The National Highway Traffic Safety Administration published a final rule to amend FMVSS 111 to require all vehicles weighing less than 10,000 pounds GVWR, including some Type A-1 school buses in that weight category, to be equipped with rear-view cameras by May 1, 2018.
NHTSA added that existing technology that meets the new requirements provides "the most effective and most cost-effective" solution to better protecting children and people with disabilities.
The new rule also changes the title of FMVSS 111 from “Rearview mirrors” to "Rear Visibility" and expands the required field-of-view to include a 10-foot by 20-foot zone directly behind the vehicle. While many later-model passenger vehicles already offer the backup cameras as options, the systems would be required installs at vehicle manufacturers within three years, when they must show data to NHTSA that they are ready to meet the 2018 compliance deadline.
The final rule was required by the passage of the Cameron Gulbransen Kids Transportation Safety Act of 2007, named after a 2-year-old boy who was accidentally killed by his father while backing up into the family driveway. The safety advocacy website KidsandCars.org documented 3,020 non-traffic fatal incidents involving children under age 15 from 1991 through 2012. Roughly a third of the fatalities, 1,126, resulted from a backover incident. The total was nearly as much as front-over incidents and cases of child heat stroke inside the vehicle combined.

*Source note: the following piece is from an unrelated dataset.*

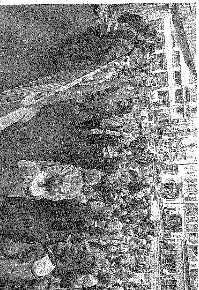
Une centaine de personnes se sont retrouvées devant la trésorerie de Dieppe pour manifester son opposition au projet de réforme des services publics.

The only vehicles fully exempt are motorcycles and trailers. NHTSA said all other vehicles, including school buses and "low-speed vehicles," should comply because there is no available scientific data to support the contention that the requirements should apply differently to different types of vehicles.
"Backover crashes are not limited to any particular type of vehicle, and the agency is not aware of any vehicle type that categorically provides the driver with a sufficient rear field-of-view so as to avoid the types of backover incidents contemplated by Congress," wrote NHTSA.